* **What to work on**
Repeat the listing exactly. Do not carry over any pictures.

===== Source data =====

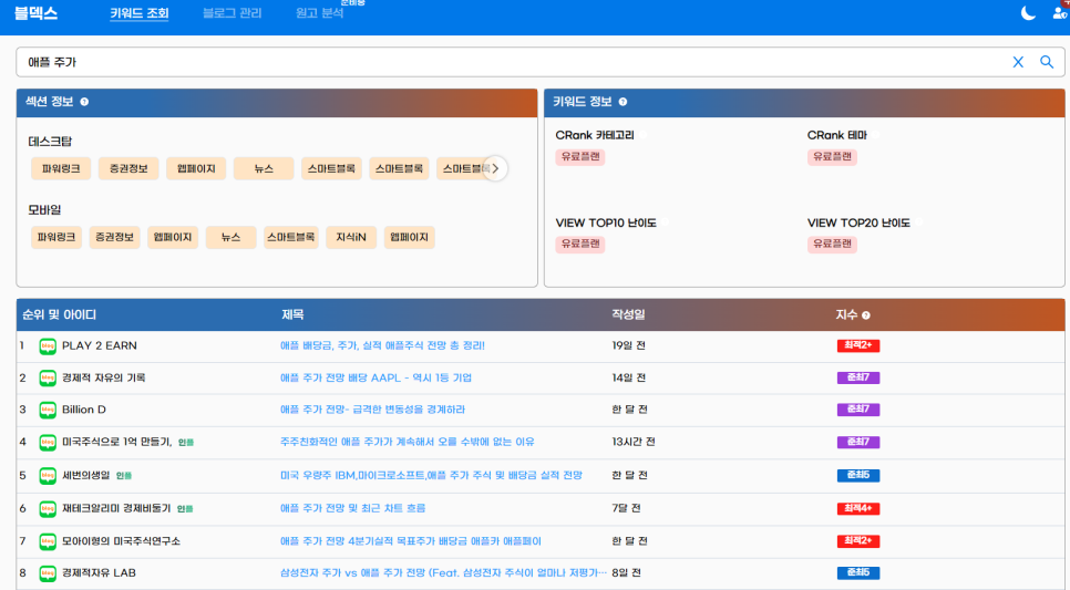 실제로 보시면 애플 주가를 주제로 적은 블로거들의 지수는 하나같이 높습니다.
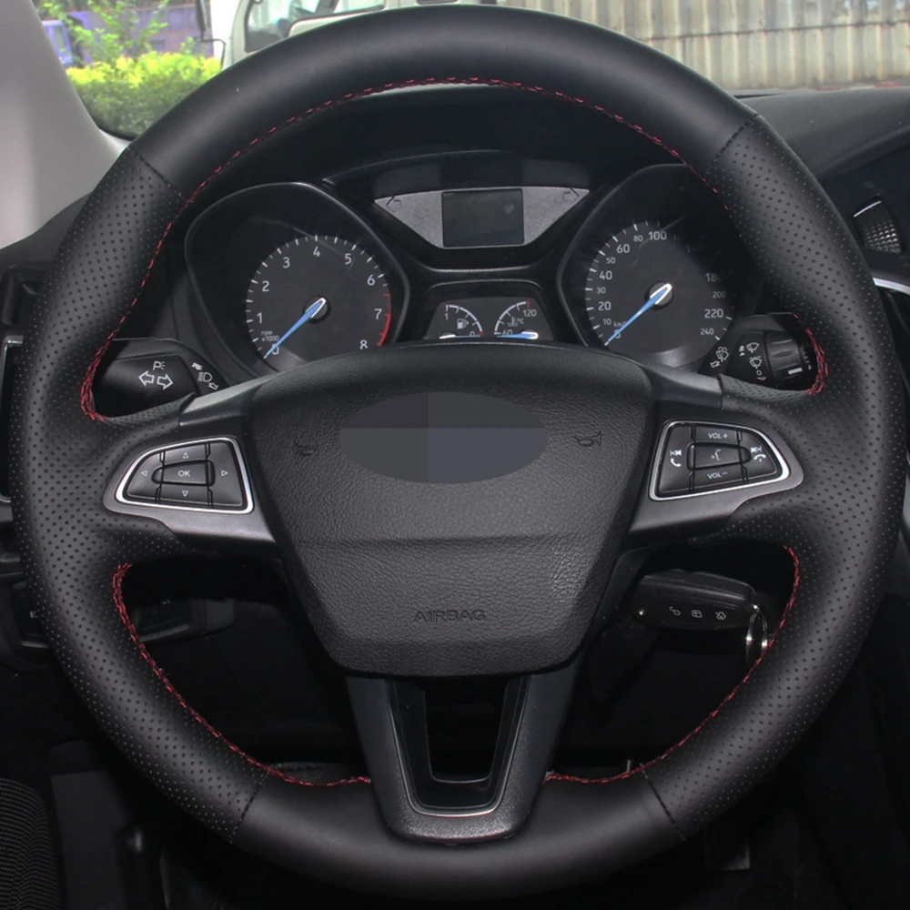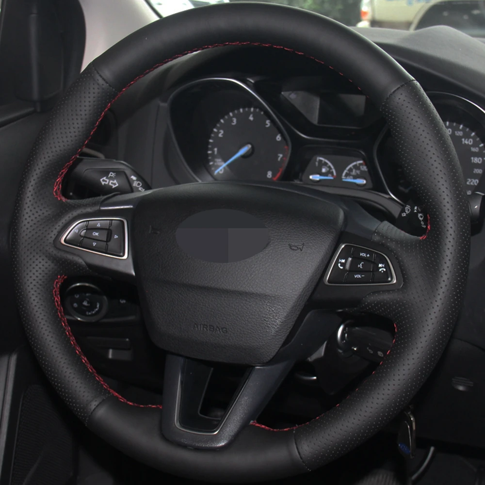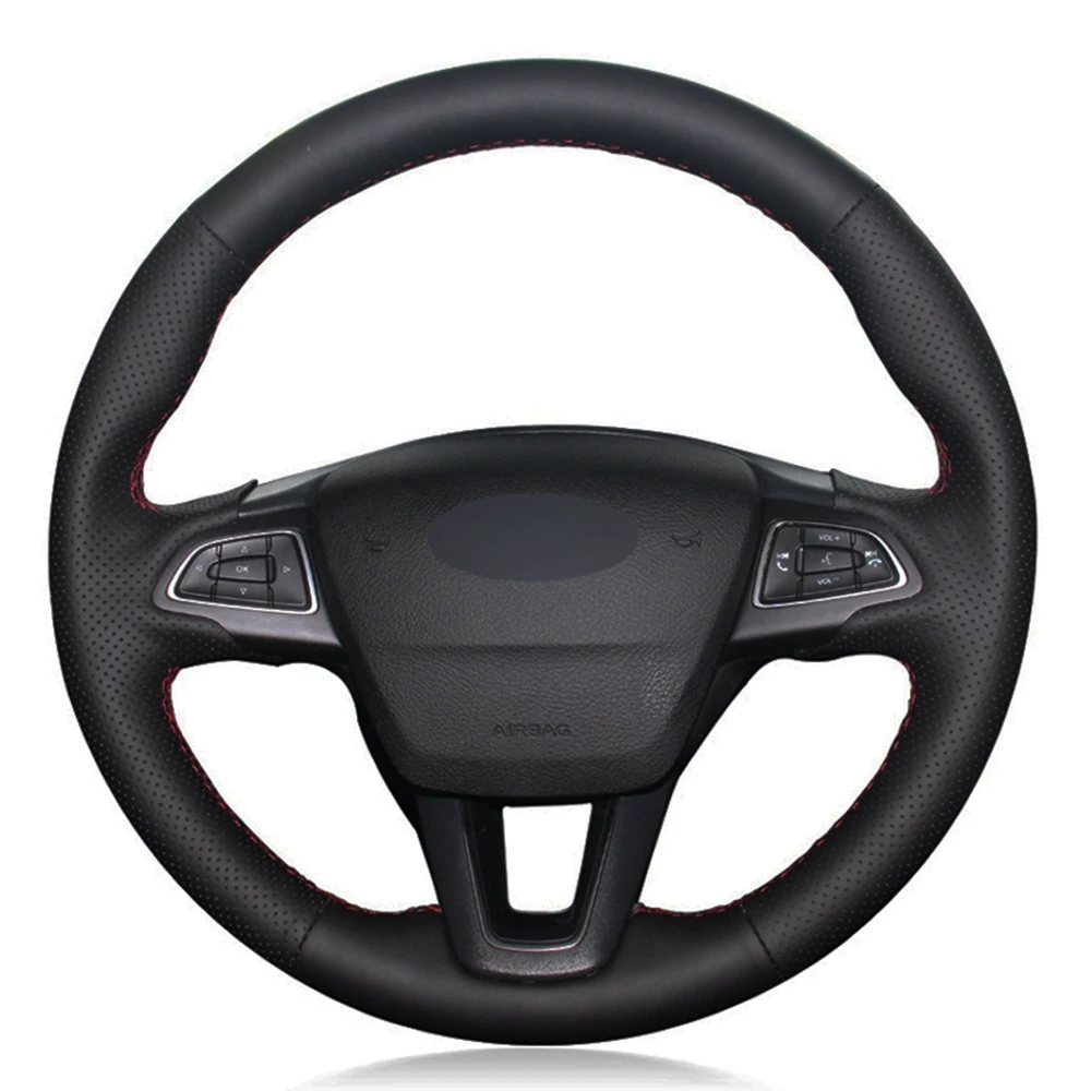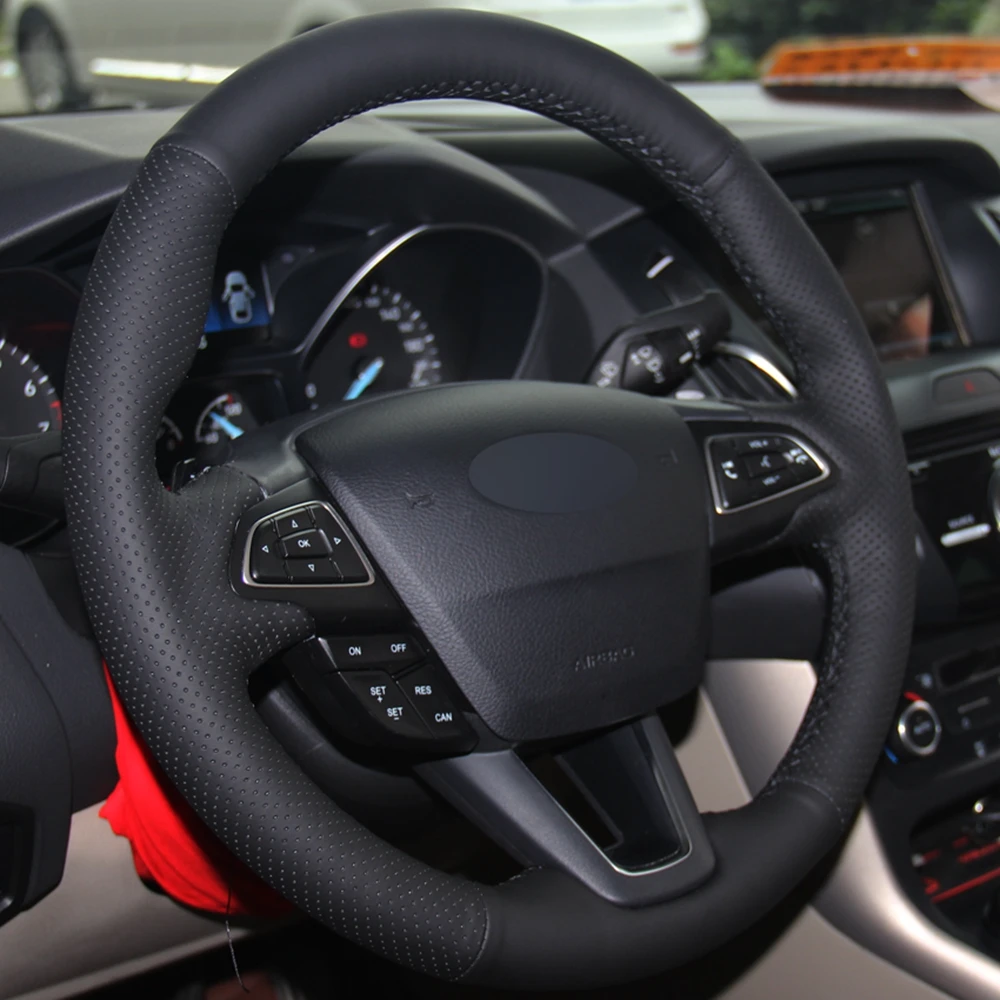 Чехол рулевого колеса автомобиля черная искусственная кожа для Ford Focus 3 2015-2018 Kuga 2016-2019 Escape C-MAX Ecosport 2018-2019
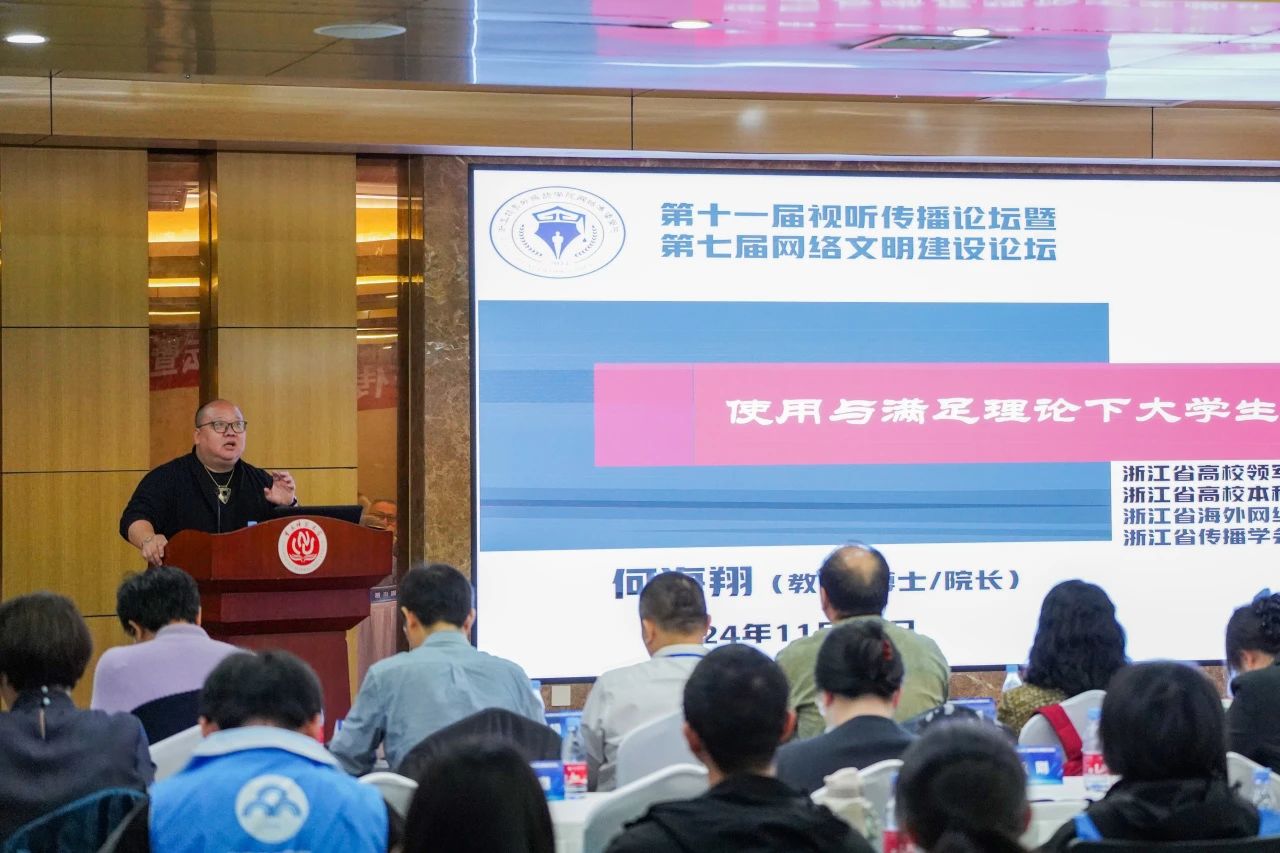 浙江越秀外国语学院网络传播学院院长、教授,全球修辞学会-视听传播学会常务副会长何海翔作《使用与满足理论下大学生 B 站弹幕文化研究》主题报告。

=====

* **Task answer**
 실제로 보시면 애플 주가를 주제로 적은 블로거들의 지수는 하나같이 높습니다.
 Чехол рулевого колеса автомобиля черная искусственная кожа для Ford Focus 3 2015-2018 Kuga 2016-2019 Escape C-MAX Ecosport 2018-2019
 浙江越秀外国语学院网络传播学院院长、教授,全球修辞学会-视听传播学会常务副会长何海翔作《使用与满足理论下大学生 B 站弹幕文化研究》主题报告。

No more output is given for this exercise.